**ASSIGNMENT**
Using the records below, output the stretch that opens with the line containing "黒い面を削ると美しい色や絵柄" and closes with the line containing "Đón tiếp đoàn", exactly and including both lines, with nothing more.

**STORED DATA**

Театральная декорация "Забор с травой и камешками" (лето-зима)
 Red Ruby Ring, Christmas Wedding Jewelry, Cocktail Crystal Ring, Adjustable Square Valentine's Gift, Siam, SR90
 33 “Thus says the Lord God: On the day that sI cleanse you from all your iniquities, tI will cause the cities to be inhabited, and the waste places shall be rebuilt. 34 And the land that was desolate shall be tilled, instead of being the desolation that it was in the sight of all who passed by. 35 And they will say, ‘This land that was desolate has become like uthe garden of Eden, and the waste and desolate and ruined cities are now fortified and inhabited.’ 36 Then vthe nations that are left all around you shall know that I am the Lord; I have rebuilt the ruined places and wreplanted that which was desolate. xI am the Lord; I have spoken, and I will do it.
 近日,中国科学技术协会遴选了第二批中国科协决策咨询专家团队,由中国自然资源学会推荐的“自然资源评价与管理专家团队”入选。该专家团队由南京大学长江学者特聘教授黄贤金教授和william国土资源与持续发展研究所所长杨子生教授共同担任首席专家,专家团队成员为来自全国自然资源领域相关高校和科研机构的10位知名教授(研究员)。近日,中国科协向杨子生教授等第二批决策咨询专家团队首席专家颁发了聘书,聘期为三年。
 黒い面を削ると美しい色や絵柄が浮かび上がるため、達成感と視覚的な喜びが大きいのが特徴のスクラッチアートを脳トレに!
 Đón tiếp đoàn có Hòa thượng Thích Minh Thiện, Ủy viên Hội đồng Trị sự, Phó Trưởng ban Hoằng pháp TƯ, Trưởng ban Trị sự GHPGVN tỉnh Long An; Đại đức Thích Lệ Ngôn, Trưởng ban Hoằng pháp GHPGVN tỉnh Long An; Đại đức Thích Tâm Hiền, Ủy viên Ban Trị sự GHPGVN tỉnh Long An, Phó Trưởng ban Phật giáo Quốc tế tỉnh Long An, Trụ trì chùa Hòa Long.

--

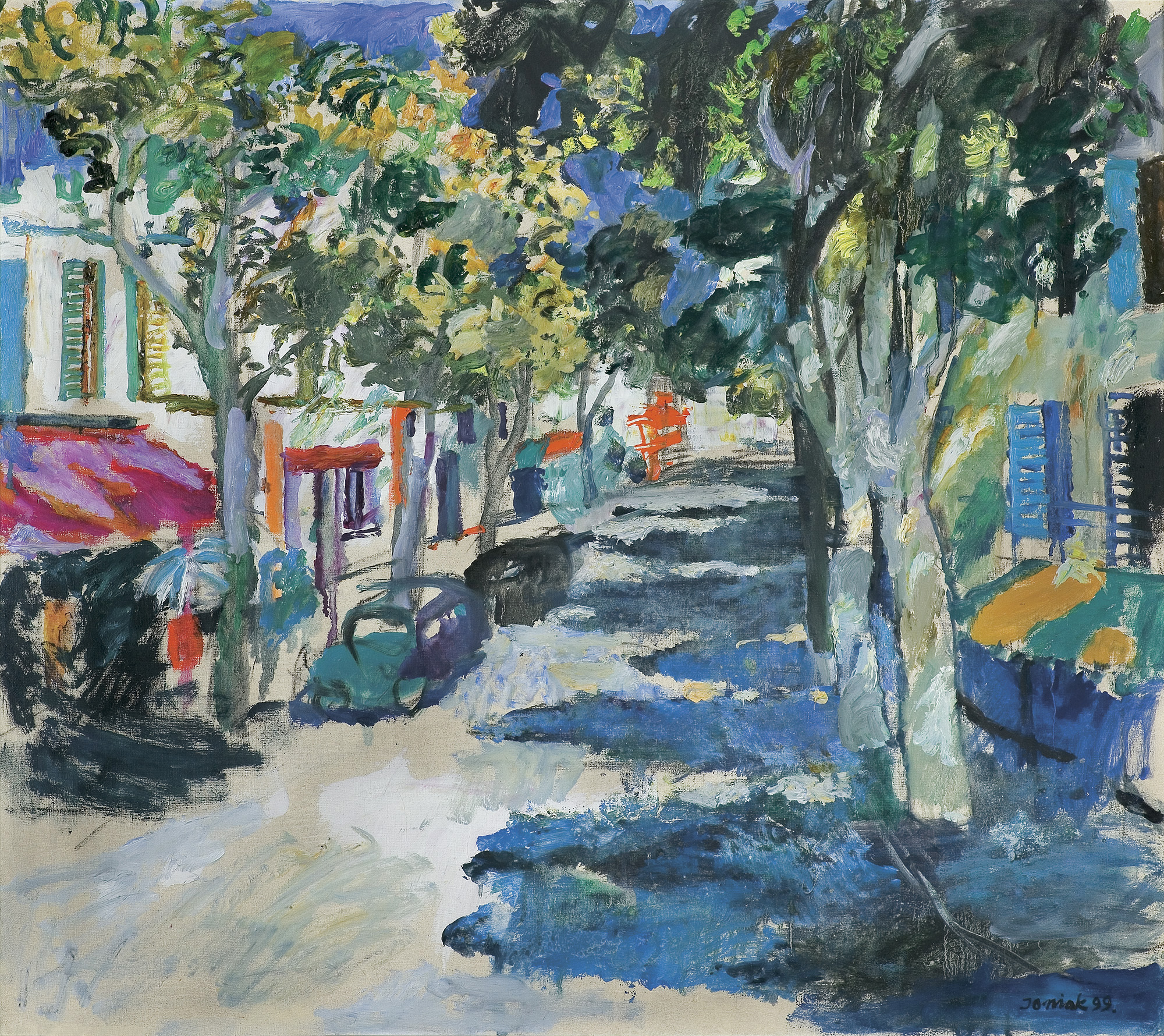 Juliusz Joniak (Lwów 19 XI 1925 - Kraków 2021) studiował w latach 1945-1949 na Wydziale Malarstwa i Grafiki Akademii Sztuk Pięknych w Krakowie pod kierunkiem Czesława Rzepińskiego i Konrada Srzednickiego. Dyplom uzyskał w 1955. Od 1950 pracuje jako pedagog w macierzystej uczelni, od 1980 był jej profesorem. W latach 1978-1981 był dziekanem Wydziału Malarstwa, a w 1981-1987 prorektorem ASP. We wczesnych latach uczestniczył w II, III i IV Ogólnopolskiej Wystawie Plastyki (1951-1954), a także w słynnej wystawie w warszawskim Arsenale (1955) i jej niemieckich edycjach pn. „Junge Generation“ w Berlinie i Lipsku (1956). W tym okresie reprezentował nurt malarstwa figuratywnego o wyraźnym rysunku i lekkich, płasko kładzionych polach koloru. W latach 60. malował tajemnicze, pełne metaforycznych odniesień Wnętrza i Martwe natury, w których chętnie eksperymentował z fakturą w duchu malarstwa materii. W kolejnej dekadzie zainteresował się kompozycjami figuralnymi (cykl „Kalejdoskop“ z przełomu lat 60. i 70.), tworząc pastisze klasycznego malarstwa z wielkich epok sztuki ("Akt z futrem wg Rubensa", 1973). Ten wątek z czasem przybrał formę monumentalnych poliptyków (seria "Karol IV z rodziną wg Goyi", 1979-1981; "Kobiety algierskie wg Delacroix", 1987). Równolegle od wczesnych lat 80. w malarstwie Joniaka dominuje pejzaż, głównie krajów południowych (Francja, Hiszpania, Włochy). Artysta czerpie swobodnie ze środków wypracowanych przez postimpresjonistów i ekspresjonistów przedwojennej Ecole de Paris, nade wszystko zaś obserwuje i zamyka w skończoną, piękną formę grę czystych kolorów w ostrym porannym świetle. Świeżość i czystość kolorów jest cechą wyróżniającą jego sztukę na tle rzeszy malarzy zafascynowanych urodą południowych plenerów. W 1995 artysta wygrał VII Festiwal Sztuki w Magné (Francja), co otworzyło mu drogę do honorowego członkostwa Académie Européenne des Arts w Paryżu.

**RESPONSE**
 黒い面を削ると美しい色や絵柄が浮かび上がるため、達成感と視覚的な喜びが大きいのが特徴のスクラッチアートを脳トレに!
 Đón tiếp đoàn có Hòa thượng Thích Minh Thiện, Ủy viên Hội đồng Trị sự, Phó Trưởng ban Hoằng pháp TƯ, Trưởng ban Trị sự GHPGVN tỉnh Long An; Đại đức Thích Lệ Ngôn, Trưởng ban Hoằng pháp GHPGVN tỉnh Long An; Đại đức Thích Tâm Hiền, Ủy viên Ban Trị sự GHPGVN tỉnh Long An, Phó Trưởng ban Phật giáo Quốc tế tỉnh Long An, Trụ trì chùa Hòa Long.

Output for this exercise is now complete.